Furthermore, in the event of failure to pay the tax bill by the deadline, late payment interest, accrued daily from the date of notification of the same, and any further expenses are due on the sums registered.
read also Tax bills scrapping deadlines 2022: by when you have to pay your tax debts.
Can tax bills be contested? If the taxpayer believes that the tax bill is illegitimate, he can contest it.
The first thing to do, in this case, is to identify the competent judge which varies based on the nature of the debt contained in the tax bill itself and specifically: you turn to the Provincial Tax Commission in whose district the body that issued the tax bill is based.
payment for tax bills requiring tax debts; you turn to the Labor Section Court of the place where the office of the body that issued the request is located for bills that refer to social security and welfare contributions (for self-employed workers the seat of the Court must be identified in the district in which the taxpayer has residence); it is necessary to contact the competent Justice of the Peace of the place where the violation was committed, however, for files concerning administrative sanctions and violations of the highway code.
If the dispute concerns the non-existence of the payment claim, it must be made not against the collection agent, but against the tax authority.
What are the deadlines for challenging a tax bill? It depends on the authority you turn to: for the first instance Tax Court of Justice the deadline is 60 days; for the ordinary labor section court the deadline is 20 days; for the ordinary Court the deadline for formal reasons is 20 days; for the ordinary court for opposition to execution there are no peremptory limits; for the Justice of the Peace the deadline is 30 days.
When tax bills become statute of limitations The statute of limitations for tax bills have never been very clear and the doubt has always been on whether they can be 5 or 10 years.

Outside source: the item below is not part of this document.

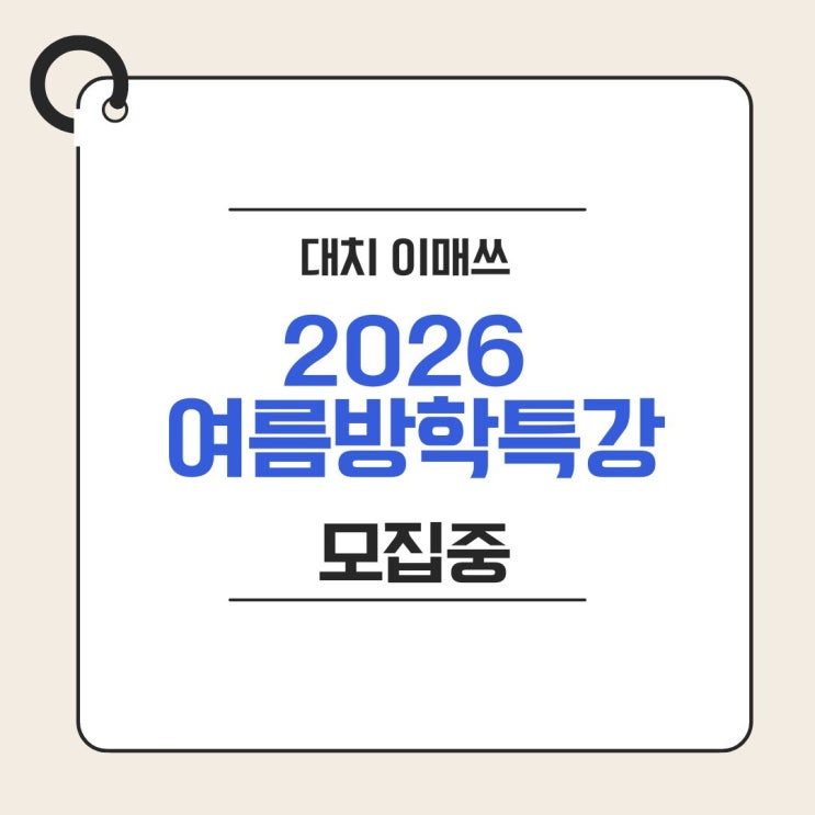 안녕하세요. 국제학교 입학 및 수학 전문 대치 이매쓰입니다. 다가오는 여름방학, 학생의 실력을 한 단계 끌어올릴 수 있는 가장 중요한 시기입니다. 이매쓰에서는 국제학교 학생들을 위한 2026 여름방학 수학 특강을 진행합니다. 프로그램 핵심 특징 이매쓰 여름방학 수학 특강은 다음 3가지를 중심으로 운영됩니다. 수준별 맞춤 수업 사고력 중심 수학 학습 내신 및 입시 대비 완성 단순한 문제풀이가 아니라 학생별 방향을 설정하고 실질적인 성과로 연결하는 것이 목표입니다. 수업 시작 일정 개강일: 5월 25일 시작 (개강 이후 수시 등록 가능) 주요 프로그램 세부 시간표 Grade-Level Math Courses Advanced Math Track Advanced &amp....... <img src="https://blogthumb.pstatic.net/MjAyNjA0MjhfMjkw/MDAxNzc3MzM3ODc4ODc2.LCi9psUdlJIwJz5wLpgoFwhrokQaeM8C3ehTtiFpWwAg.-X8B515a72nk6NmaFSOj8e7nuQnEZtbxe-IJHN95eGQg.JPEG/12.jpg?type=s3" />

Not all tax bills have the same statute of limitations, the truth is this, because there is no univocal term.
The statute of limitations for tax bills varies based on the nature of the debt: for debts owed to the Treasury (such as VAT, Ires, Irpef) the statute of limitations is 10 years; for debts owed to local authorities (such as Imu and Tari) the statute of limitations is 5 years; for car tax the statute of limitations is 3 years.